В этом жарком течении плыло наше детство.

Марина родилась 26 сентября 1892 года в Москве. Я – 14 сентября 1894 года там же.

Когда меня еще не было на свете, в детской стояли две кроватки: Андрюши, круглобрового, кареглазого, и его сводной сестры Муси, круглолицей, с русыми волосиками и глазами цвета крыжовника.

Мама Мусю не смогла кормить. Ей взяли кормилицу. Мусина кормилица была цыганка, нрав ее был крутой. Когда дедушка, мамин отец, подарил ей позолоченные серьги, она, в ярости, что не золотые, бросила их об пол и растоптала.

В мамином дневнике много лет спустя мы прочли: «Четырехлетняя моя Маруся ходит вокруг меня и все складывает слова в рифмы – может быть, будет поэт?»

Крестная мать Муси, Надежда Александровна Сытенко, красавица, светловолосая и синеглазая, жившая недалеко от нас в Мамоновском переулке, пригласила к себе крестницу. В комнатах со шкурами зверей на полу, с зимним садом и летающими птицами мама сказала Мусе: «Ничего не трогай, не урони со стола мелочей». Вскоре четырехлетняя Муся, молча, громко дыша от натуги, перетащила через комнату тяжелое кресло. На всеобщее удивление она отвечала, что мама запретила ей трогать мелкие вещи. «Приходи, Мусенька, – звала в конце визита Надежда Александровна, – у нас твои любимые конфеты, комнаты большие, есть где побегать…» – «Комнаты и у нас большие, – ответила Муся со вздохом, – а вот конфеты у мамы заперты…»

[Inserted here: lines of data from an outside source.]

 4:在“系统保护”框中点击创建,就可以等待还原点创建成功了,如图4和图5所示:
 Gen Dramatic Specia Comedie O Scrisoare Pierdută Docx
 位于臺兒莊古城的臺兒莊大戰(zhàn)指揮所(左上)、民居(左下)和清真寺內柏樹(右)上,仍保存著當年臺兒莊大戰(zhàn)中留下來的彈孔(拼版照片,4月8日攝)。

Рассказ мамы о первом Мусином театре: в антракте, в ложе Большого театра, не перегибаясь через ее край, думаю, от страха глядеть вниз, а может быть, от природной близорукости не видя ничего, кроме края балкона, Муся, наслаждаясь апельсином, сосредоточенно отколупывала сильными пальцами тугую золотистую шкурку и кидала ее вниз, в партер.

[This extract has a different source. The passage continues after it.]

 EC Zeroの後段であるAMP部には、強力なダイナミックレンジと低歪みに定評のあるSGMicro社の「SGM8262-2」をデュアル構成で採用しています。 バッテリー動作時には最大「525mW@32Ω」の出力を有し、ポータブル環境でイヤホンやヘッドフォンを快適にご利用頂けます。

Мнится мне, что мое самое раннее воспоминание – солнечный синий день, наш переулок (Трехпрудный), я стою на скамеечке, врезанной в нишу рядом с воротами. Няня поправляет синюю вуальку, спуская ее на лицо от очень яркого солнца и слепящего снега. На мне белая шубка, тоже сверкающая. От этого сверкания и синевы – чувство счастья.

Мне было год четыре месяца, когда мама повезла фотографировать меня на Кузнецкий Мост, к Фишеру.

Записей о нас было в мамином дневнике много, но – все книги дневника погибли. Записи привожу по памяти. Не раз вспоминала мама смешной случай: она ехала со мной лет трех на конке. На остановке кондуктор крикнул: «Кузнецкий Мост!» – «И вецные французы!» – добавила я. Раздался смех пассажиров, оглядывались – взглянуть на младенца, цитировавшего «Горе от ума».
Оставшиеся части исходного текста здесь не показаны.